Federated Graph Condensation with Information Bottleneck Principles
Bo Yan, Sihao He, Cheng Yang, Shang Liu, Yang Cao, Chuan Shi

TL;DR
This paper introduces federated graph condensation (FGC), a privacy-preserving method for synthesizing small graphs from decentralized data, using information bottleneck principles to prevent data leakage while maintaining high performance.
Contribution
It proposes a novel federated framework for graph condensation that incorporates information bottleneck principles to protect privacy and achieves superior results compared to existing methods.
Findings
FGC effectively protects membership privacy during training.
The framework achieves comparable or better performance than centralized and federated baselines.
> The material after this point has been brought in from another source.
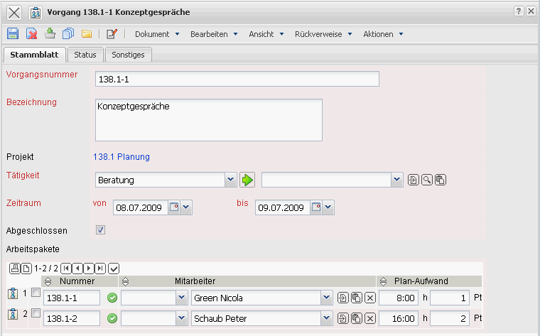 Arbeitspaket-Zeitraum (von/bis): Das Feld Plan-Beginn kennzeichnet den Start für die Abarbeitung des Vorgangs und wird bestimmt mit dem Plan-Beginn des zugewiesenen terminlich frühesten Arbeitspaketes und das Feld Plan-Ende kennzeichnet das Fälligkeitsdatum des Arbeitspaketes und wird vorbelegt mit dem Plan-Ende des zugewiesenen terminlich spätesten Arbeitspaketes.

Incorporating information bottleneck principles enhances privacy without sacrificing accuracy.
Abstract
Graph condensation (GC), which reduces the size of a large-scale graph by synthesizing a small-scale condensed graph as its substitution, has benefited various graph learning tasks. However, existing GC methods rely on centralized data storage, which is unfeasible for real-world decentralized data distribution, and overlook data holders' privacy-preserving requirements. To bridge this gap, we propose and study the novel problem of federated graph condensation (FGC) for graph neural networks (GNNs). Specifically, we first propose a general framework for FGC, where we decouple the typical gradient matching process for GC into client-side gradient calculation and server-side gradient matching, integrating knowledge from multiple clients' subgraphs into one smaller condensed graph. Nevertheless, our empirical studies show that under the federated setting, the condensed graph will…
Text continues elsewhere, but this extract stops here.